My Office is in Rajaji Nagar, anyone familier with this area? I have found a P.G there but with 3 boys sharing which is crowded so I m open for other options. My date of joining is October 10th while I will be reaching Bangalore on October 5th. I need the phone number of you guys living close to this area, if you are living on rent then let me know & I will try to live there on rent.

Unlike Delhi, I will have my bike in Bangalore within 1st week of landing there so at least this time commutation won't be a problem. 

So, how much has bangalore changed? What should I keep in mind if I am coming to bangalore now?


----------



## karmanya (Sep 26, 2008)

Lol. 
Wel, I haven't been to bangalore much, but in my experience, transportation is always a problem, even with your personal vehicle.


----------



## RCuber (Sep 26, 2008)

karmanya said:


> transportation is always a problem, even with your personal vehicle.


What transportation problem?


----------



## krazzy (Sep 26, 2008)

LOOOL! gx_saurav designing UI for Apple products! Ab yahi dekhna baaki reh gaya tha.


----------



## a_k_s_h_a_y (Sep 26, 2008)

gx_saurav said:


> Well, it seems my days in Delhi over now. I have got a high paying job in Bangalore in Sourcebits Technologies for UI & UX designing.
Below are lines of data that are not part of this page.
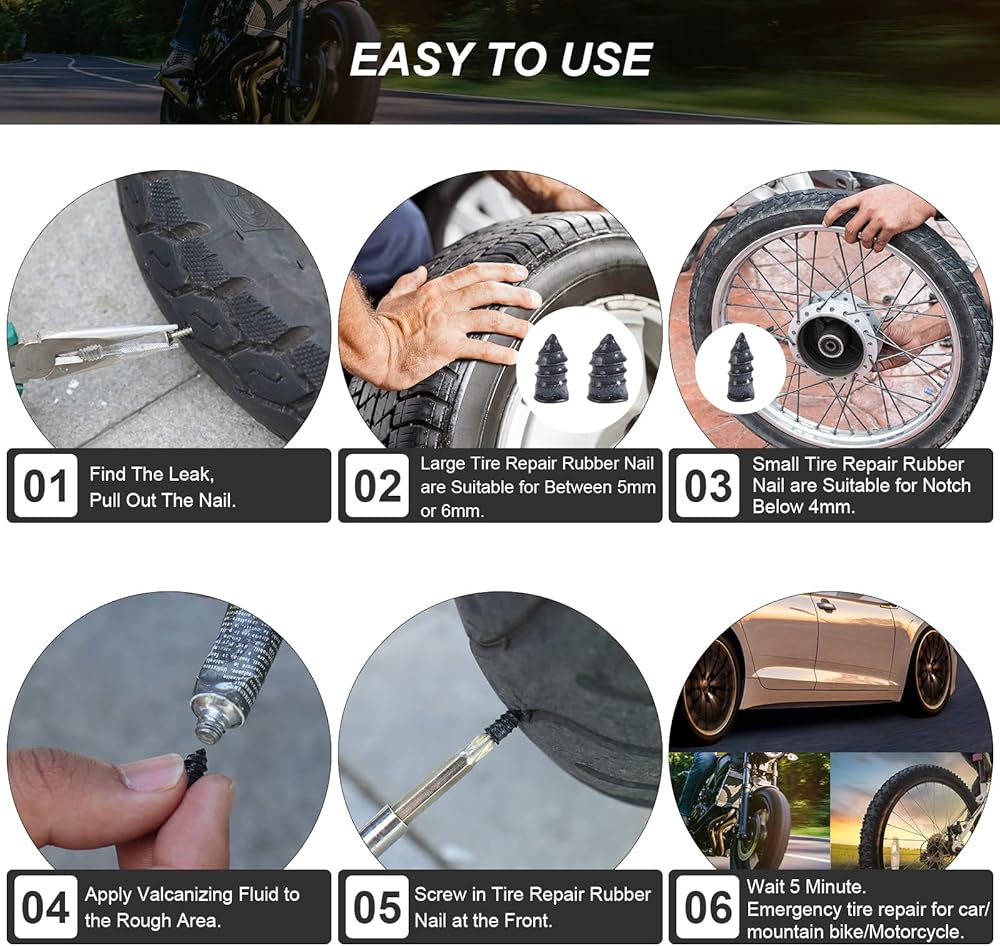Sereable and well-made: he auto tire nail is made of metal and rubber, hard to tear or wear, high temperature resistant dness, not easy to fall off, serviceable and reliable, helpful to repair your tire, which can accompany you for a long time .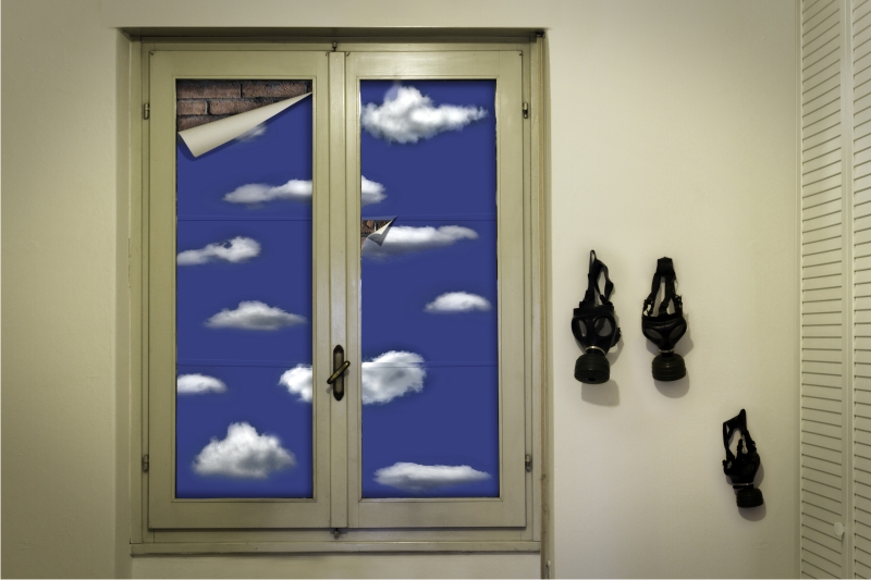 Una foto bellissima e molto intelligente; vorrei lodare in particolare la grande pulizia della composizione e il gioco intelligente della sovrapposizione degli adesivi sulla finetsra. Il doppio strappo del folgio con le nuvole - quello più grande a sinistra e quello più piccolo che gli afa da eco a destra è davvero una chicca elegantissima.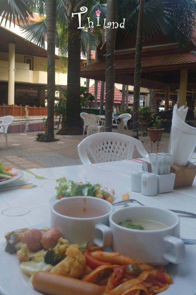前台是个看起来像欧洲人的帅哥,第一次在泰国发现帅哥,那也是相当不容易的。2点才开房?好吧,那我们先饭饭咯。中午的餐比曼谷高大上很多,服务员虽然也是小黑,但有点帅哦,还一直热情微笑的服务。西餐也高大上了很多,可惜啊可惜,我是吃货,向来看到美食就下叉子,没有拍照的习惯。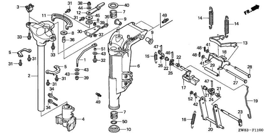 | 24 | 50526-ZV4-000 | Кронштейн вала наклона двигателя (Bracket, tilt shaft) | под заказ | 1320 руб. | |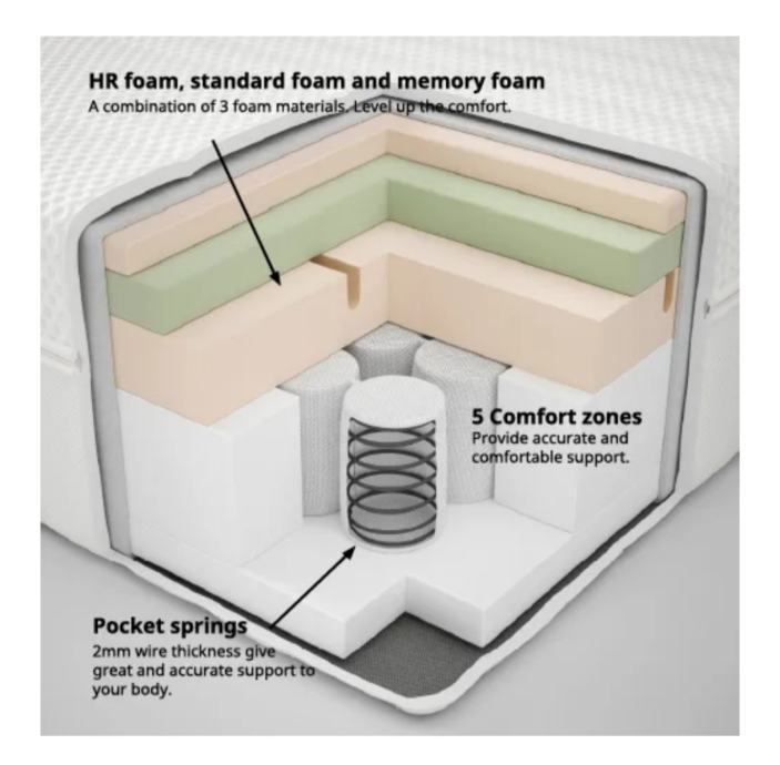 Ima več plasti pene, vključno z obilno zgornjo plastjo zelo prožne pene, cone udobja in žepkaste vzmeti, ki se premikajo neodvisno in sledijo telesu – najboljši možni pogoji za odličen spanec!
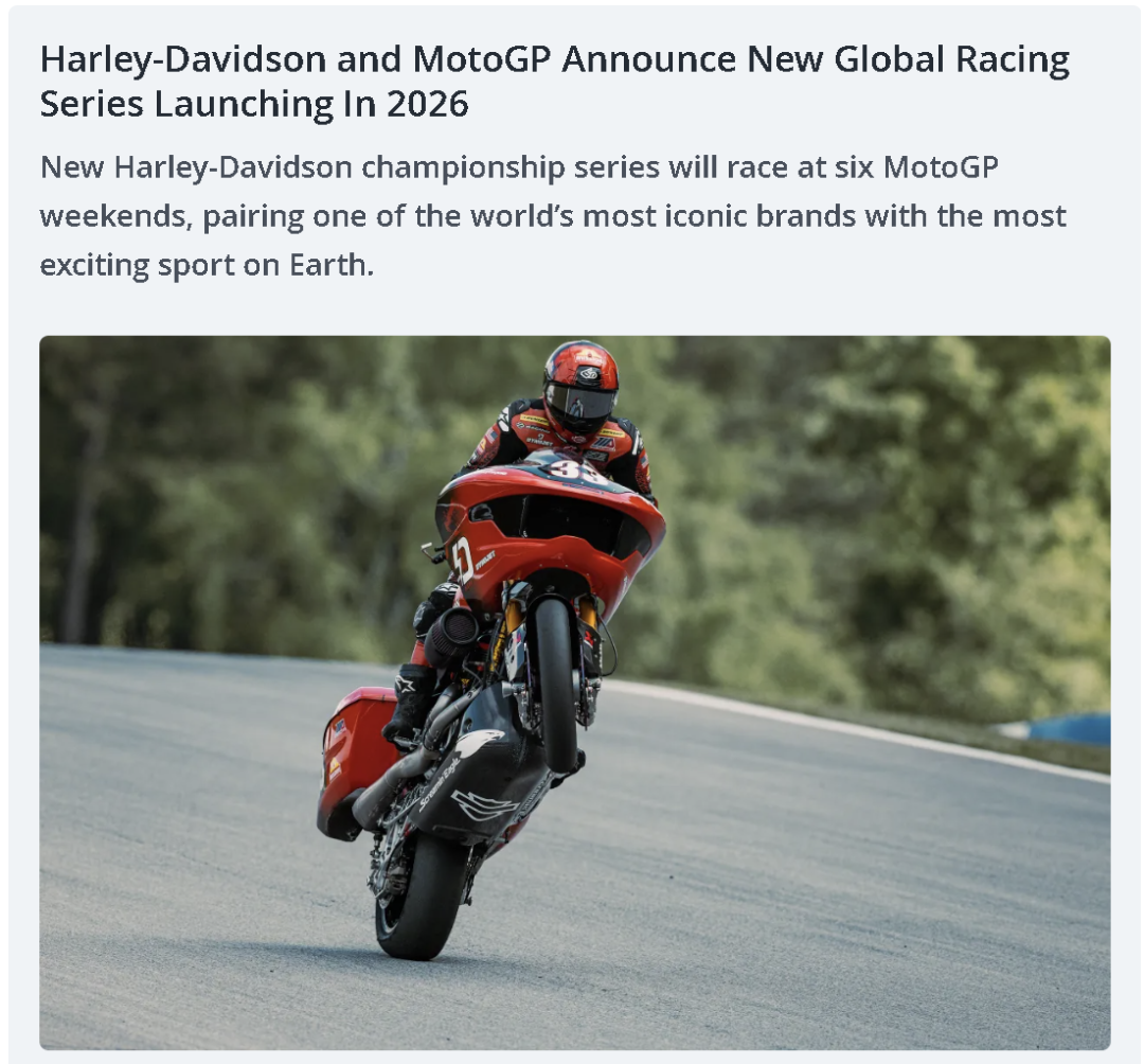 MotoGP和哈雷正式宣布了2026年的新“边箱之王”系列赛事计划,包括六轮赛程的具体地点和日期,每轮两场比赛。并正式命名为“Harley-Davidson Bagger World Cup”,这系列比赛会在2026赛季MotoGP世界锦标赛的正赛周末举行。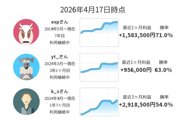 リアルタイム成績!ロボトレーダーを実際に利用している3名のユーザーさんの成績を公開。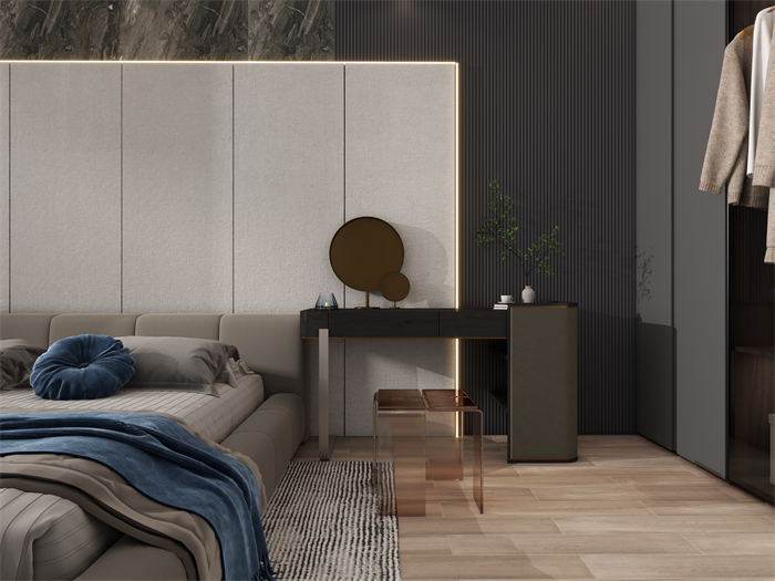 設計理念:譽添有榮譽稱贊之稱和精致優雅之意。以簡約為主通過軟裝與巖板搭配,顯示一種高品質的生活方式。

I will be designing UI for Apple Mac & iPhone applications  (yeah yeah, making the enemy look good).



Finally  ! LOL !!!!!


----------



## BBThumbHealer (Sep 26, 2008)

krazzy said:


> LOOOL! gx_saurav designing UI for Apple products! Ab yahi dekhna baaki reh gaya tha.



+1 .... Saurav , yeh kya kiya yaar !


----------



## gxsaurav (Sep 27, 2008)

are yaar, it's just a job...& a reason to switch to bangalore & get free iPod Touch from Company ( which I will sell to buy Nokia N79 or HTC Touch Diamond ) 

The company saw my work of Windows & gave me job for Apple. I might also get a Macbook (will wipe the HD to install Vista). 

Help me with the quaries, any from near Rajaji Nagar?


----------



## desiibond (Sep 27, 2008)

^^ Hey, If your office is in Rajaji Nagar, The best place for you to live at is Malleswaram or Seshadripuram. They are costly areas but great localities to live in.

You can check Sulekha or Ad-Mag for house or PG.


----------



## gxsaurav (Sep 27, 2008)

I m planning to live in a P.G for the first 2 or 3 months & then move to a rented apartment after finding some roommates. 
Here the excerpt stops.